Complete function demonstration script in Demo

DROP table evol_t2; CREATE TABLE evol_t2 (id int, name struct<given: string, family: string>,phones array<struct<type: string, num: string>>) ; insert into table evol_t2 select 1, STRUCT('Bill', 'Gates'), array(STRUCT('work', '1234567890'),STRUCT('cell', '9876543210')); insert into table evol_t2 select 2, STRUCT('Michael', 'Jordan'), array(STRUCT('work', '1111111111'),STRUCT('cell', '9999999999')); select * from evol_t2; ALTER TABLE evol_t2 ADD COLUMNS (position map<string, struct<x: double, y: double>>); insert into table evol_t2 select 3, STRUCT('Michael', 'Jackson'), array(STRUCT('work', '1231231231'),STRUCT('cell', '1231231233'), map (p1, struct (1.1, 1.2), 'the p2, struct (1.5, 1.3)); select * from evol_t2; ALTER TABLE evol_t2 ADD COLUMNS (position.value.z double); insert into table evol_t2 select 4, STRUCT('Ming', 'Yao'), array(STRUCT('work', '5555555555'),STRUCT('cell', '6666666666'), map (p1, struct (5.5, 1.0, 12.0), 'the p2, struct (6.5, 3.0, 8.1)); select * from evol_t2; ALTER TABLE evol_t2 DROP COLUMNS (phones.element.type); Select * from evol_t2; ALTER TABLE evol_t2 ADD COLUMNS (phones.element.type2 string); Select * from evol_t2; ALTER TABLE evol_t2 CHANGE COLUMN phones.type2 phones.type0 string; Select * from evol_t2; insert into table evol_t2 select 5, STRUCT('Lei', 'Li'), Array (STRUCT (' 9999999999 ', 'work'), STRUCT (' 8888888888 ', 'cell')), map (p1, STRUCT (9.5, 6.0, 10.0), 'the p2, STRUCT (5.5, 2.0, 3.0)); select * from evol_t2; ALTER TABLE evol_t2 CHANGE phones.num phones.num string AFTER type0; Select * from evol_t2; select name.given as firstname,c.phones[1].num as phonenum from evol_t2 c where c.phones[1].type0 = 'cell'; select c.name.family||c.name.Given,c.phones[1].num,SQRT(POW(position['p2'].x-position['p1'].x,2)+POW(position['p2'].y-position[ 'p1'].y,2)+POW(position['p2'].z-position['p1'].z,2)) from evol_t2 c where name.given in ('Ming','Lei');Copy the code

Currently supported data type conversion relationships

Feature of modified type will be released in gray scale in the near future.

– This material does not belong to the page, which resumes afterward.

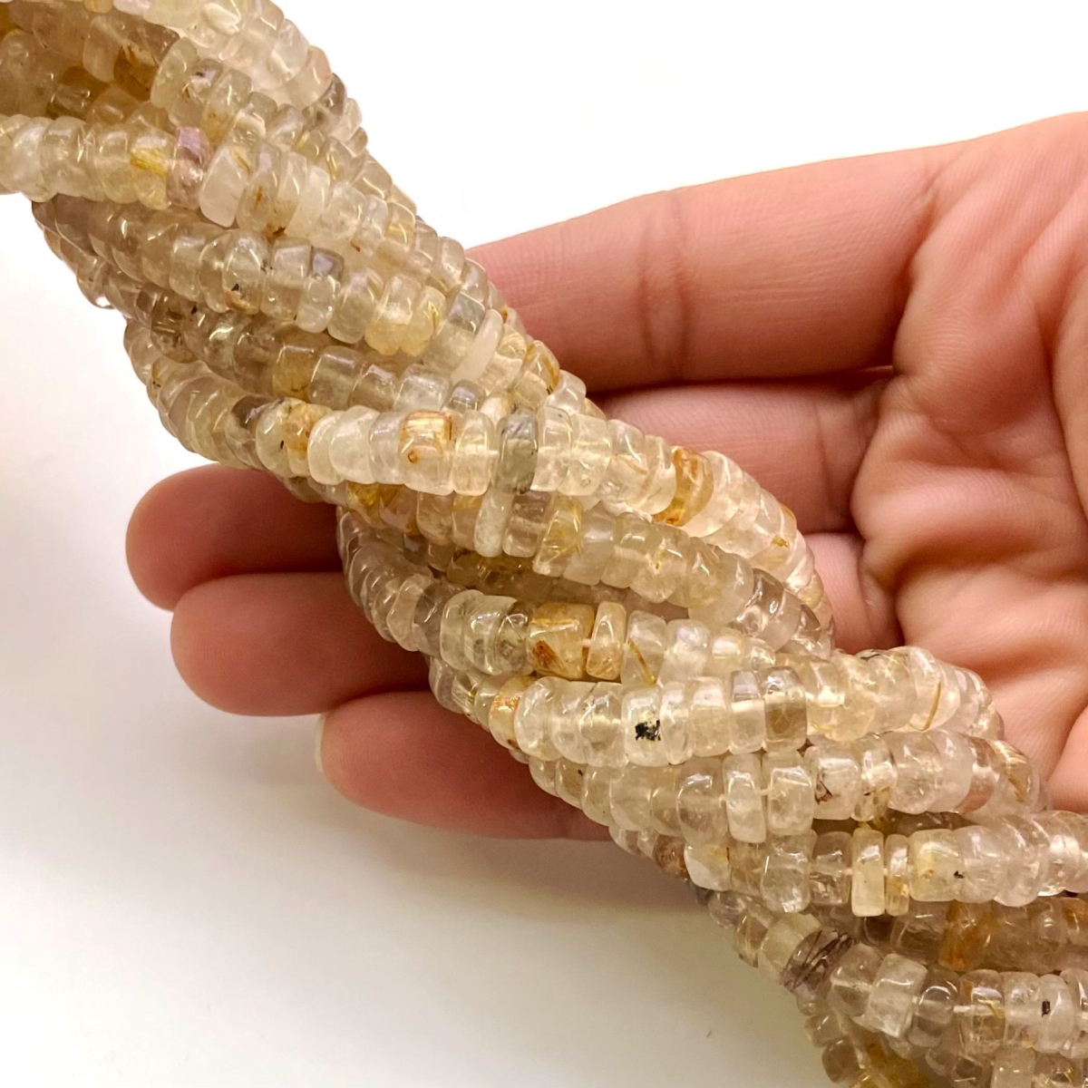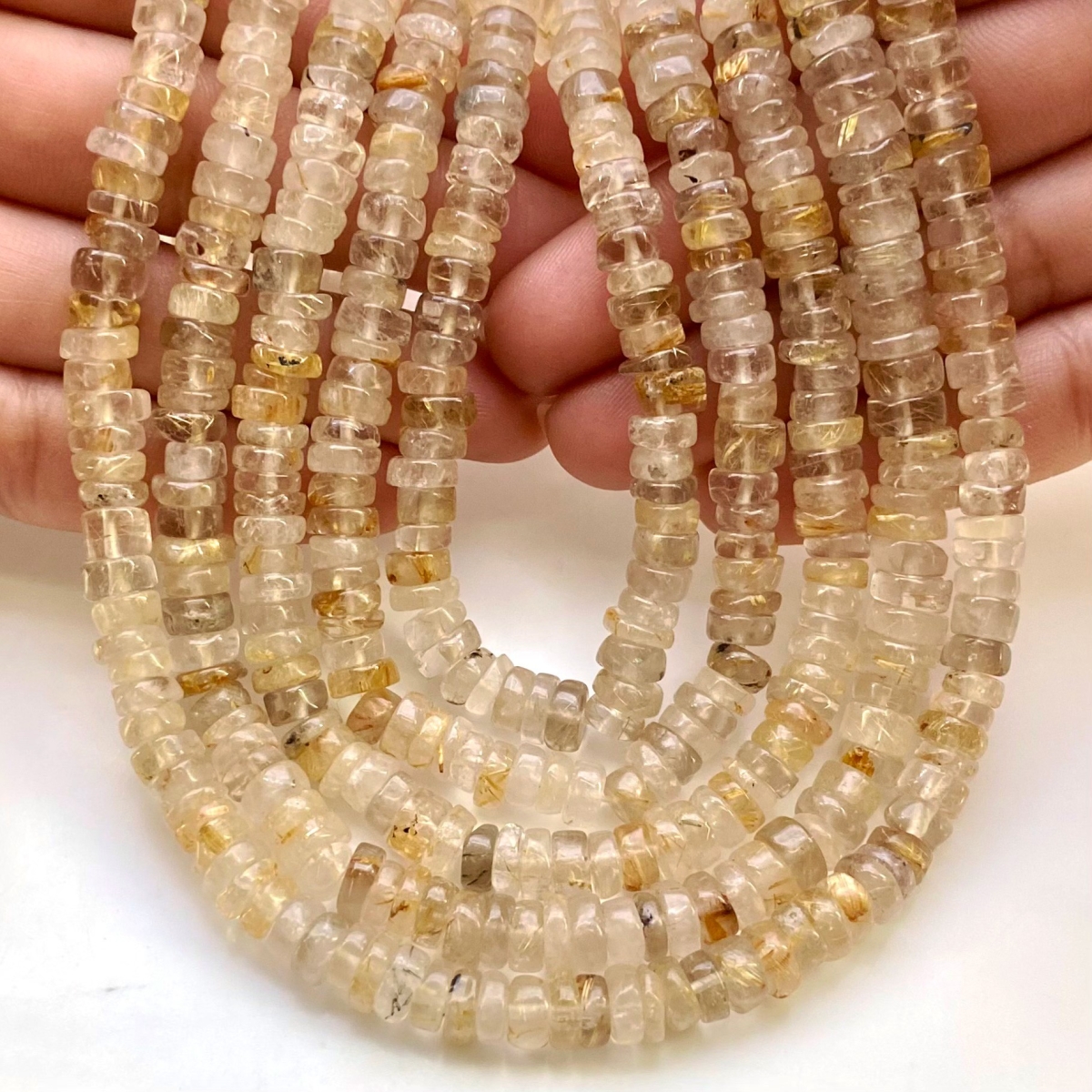 Buy This "AA" Grade Center Drilled 6.5-7mm Smooth Wheel Shape Natural Golden Rutile (Un-Treated) Gemstone Beads Lot. You Will Receive Approximately 1265 Beads on 11 Strands of 13 Inch. With a Total Weight of 1360 Cts.. This Golden Rutile Stone is Originated From Brazil and Masterfully Handcrafted by The Experienced Artisans of Jaipur (India).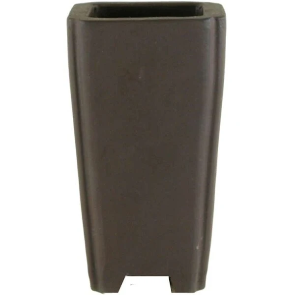 Bonsaischale (Unglasiert, Dunkelbraun, Quadratisch) in den Abmessungen: 4.5cm Länge, 4.5cm Breite, 8cm Höhe.

The specific data type transformation relationship supported is as follows:

Iv. Evolution direction

Continued enhancement of functionality and evolution direction

  • Add more complex data type handlers
  • More data type compatible conversions
  • Automatically recognize the schema of complex type data types and store optimizations
  • More flexible node value extraction and calculation
  • Higher performance column analysis capabilities
  • Version management for Schema evolution and data changes by Timetravel

The original link

This article is the original content of Aliyun and shall not be reproduced without permission.